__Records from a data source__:
<<<<

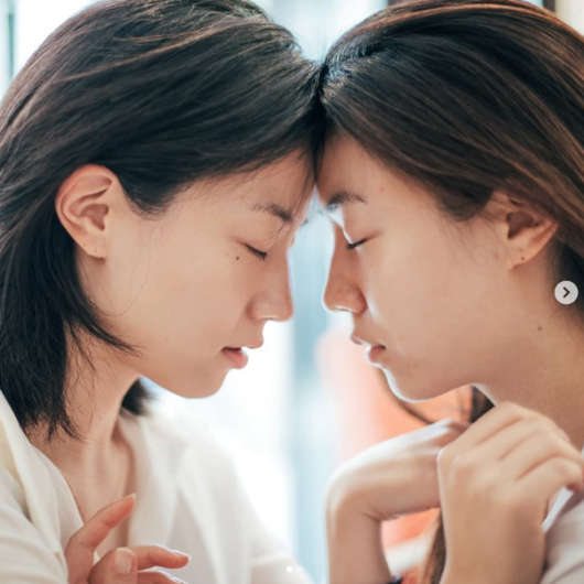 두 장의 사진이 공개된 가운데 두 사람은 메이크업을 전혀 하지 않은 상태로 서로의 얼굴에 기대어 포즈를 취하고 있다.
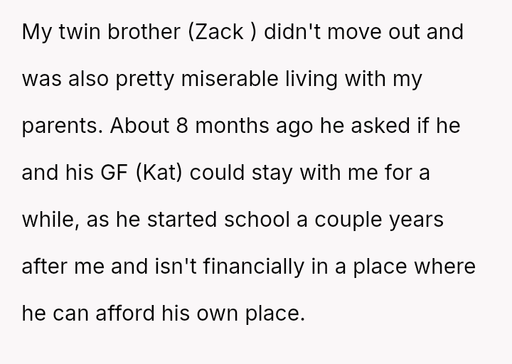 Then came her twin brother, still trapped in the toxic environment she had escaped, seeking refuge with his girlfriend by her side.
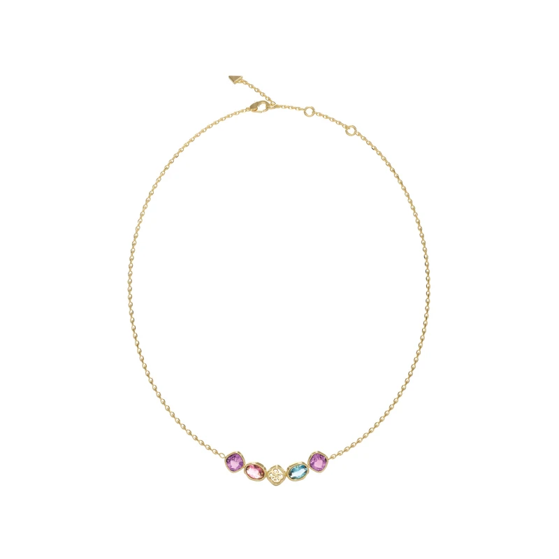 GUESS MAMOUNIA Κολιέ Χρυσό Από Ατσάλι Με Πολύχρωμες Πέτρες Και Λογότυπο ποσότητα
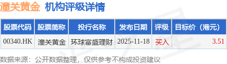 截至2026年1月16日收盘,潼关黄金(00340.HK)报收于3.36港元,下跌0.89%,成交量2703.46万股,成交额9023.67万港元。投行对该股的评级以买入为主,近90天内共有1家投行给出买入评级,近90天的目标均价为3.51港元。环球富盛理财最新一份研报给予潼关黄金买入评级,目标价3.51港元。
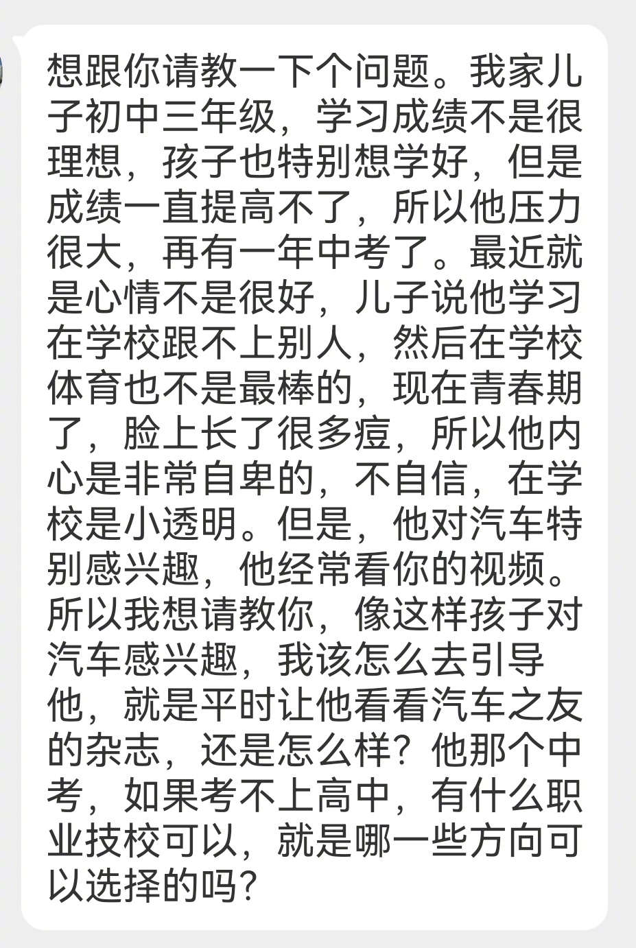 给家里孩子看:每个人能力有差异,擅长的事不同,但上进心这个很宝贵,这是可遇不可求的。喜欢汽车就很好啊,起码有个自己明确爱好,并且汽车也是未来很多年主流行业,很不错的兴趣爱好。我建议,如果学习困难,那就省一些精力,把工作后用得到的:地理、化学、物理多钻透。你就说服自己一点:你喜欢的汽车,跟这些有强关系,不会哪行?其他学科大差不差,弄个普通大学上就行,这样孩子没那么累。上大学期间多研究自己爱好,看看基于自己兴趣能钻多深,为以后工作做准备。脸上痘痘也是自卑重要原因,认真去三甲医院皮肤科看看,能很大程度好转,这个事不能忽视,很重要!另外,强烈建议:多研究AI相关,复杂可能不会,但继续AI内容生产的AI剧本师、AI编导、AI故事宇宙构建师、AI脚本描绘师等,未来15年会非常吃香及抢手,也可以和汽车有关。总之,有追求有兴趣点,就超越90%同龄人了,加油!大3可实习时候,再私信我,我司给实习机会,把握住。
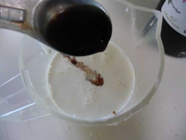 Combine la leche y la vainilla en una taza. Revolver.
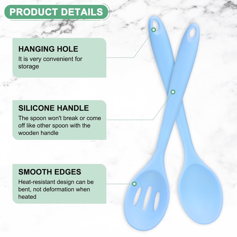 M METERXITY 2-Pack Silicone Spoons for Cooking, 10.6" Mixing Nonstick Slotted and Solid Serving Spoons Heat Resistant Utensils Spoons for Kitchen/Cooking/Baking/Stirring Mixing Tools [Blue]
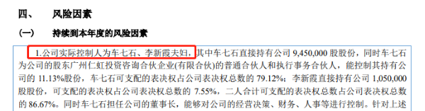 2019年年报显示,润虹医药实际控制人为车七石、李新霞夫妇,其中车七石为公司股东珠海仁励管理咨询合伙企业(有限合伙)的普通合伙人和执行事务合伙人,能控制其持有公司的11.13%股份。车七石、李新霞二人合计可支配的表决权总数占公司表决权总数的86.67%。同时车七石担任润虹医药的董事长,能对公司的经营决策、财务、人事等进行控制。
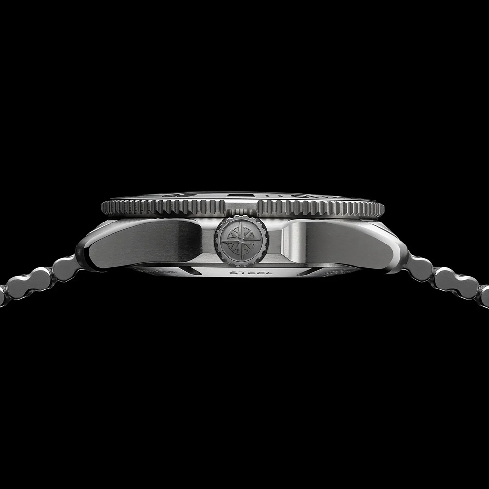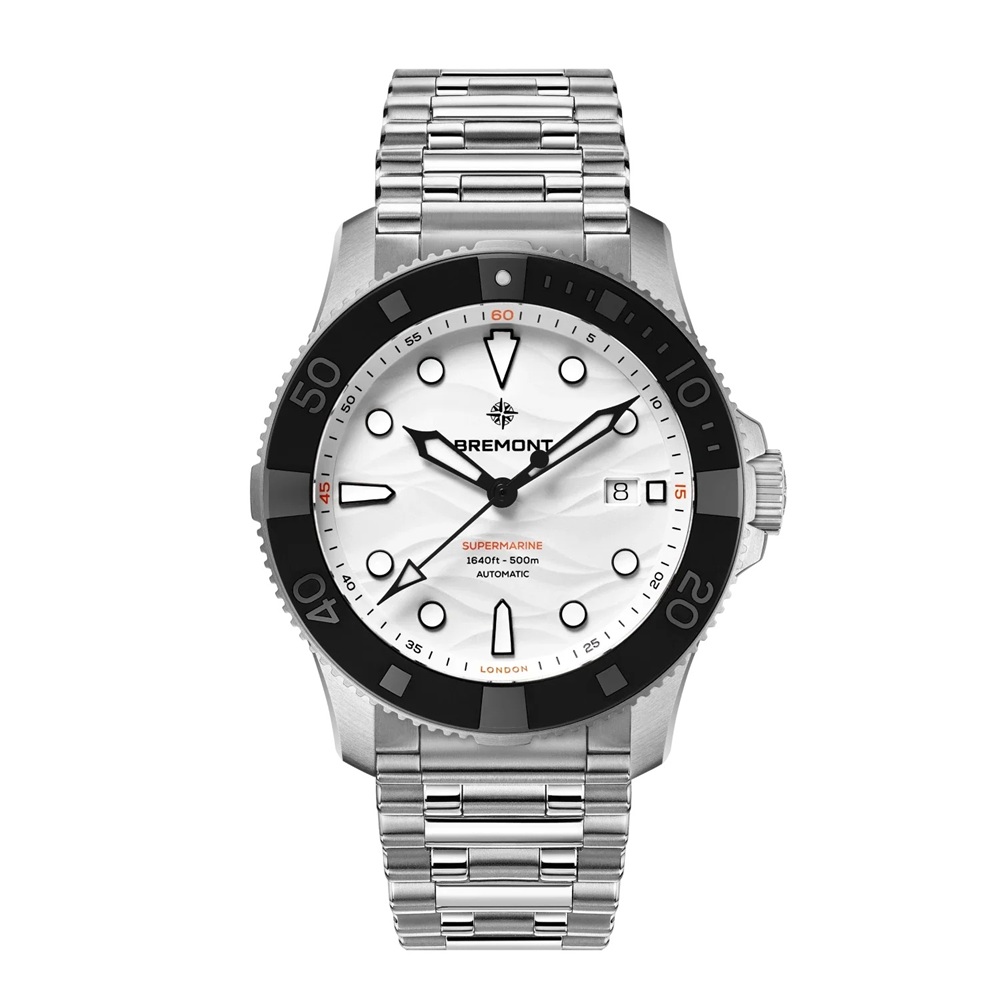 The Supermarine 500m marks a bold new chapter in Bremont’s professional dive watch collection. Crafted in 904L stainless steel, the 43mm case features a slimmer, more ergonomic profile with enhanced crown and bezel guards for added durability. Designed to withstand the pressures of deep-sea diving, it boasts a 500-metre water resistance rating, a helium escape valve, and a textured black ceramic uni-directional bezel.

>>>>

__Aim of the task__:
Out of the records above, please copy exactly the lines from the line with "GUESS MAMOUNIA Κολιέ" up to and including the line with "截至2026年1月16日收盘", minus the pictures.

__Response area__:
 GUESS MAMOUNIA Κολιέ Χρυσό Από Ατσάλι Με Πολύχρωμες Πέτρες Και Λογότυπο ποσότητα
 截至2026年1月16日收盘,潼关黄金(00340.HK)报收于3.36港元,下跌0.89%,成交量2703.46万股,成交额9023.67万港元。投行对该股的评级以买入为主,近90天内共有1家投行给出买入评级,近90天的目标均价为3.51港元。环球富盛理财最新一份研报给予潼关黄金买入评级,目标价3.51港元。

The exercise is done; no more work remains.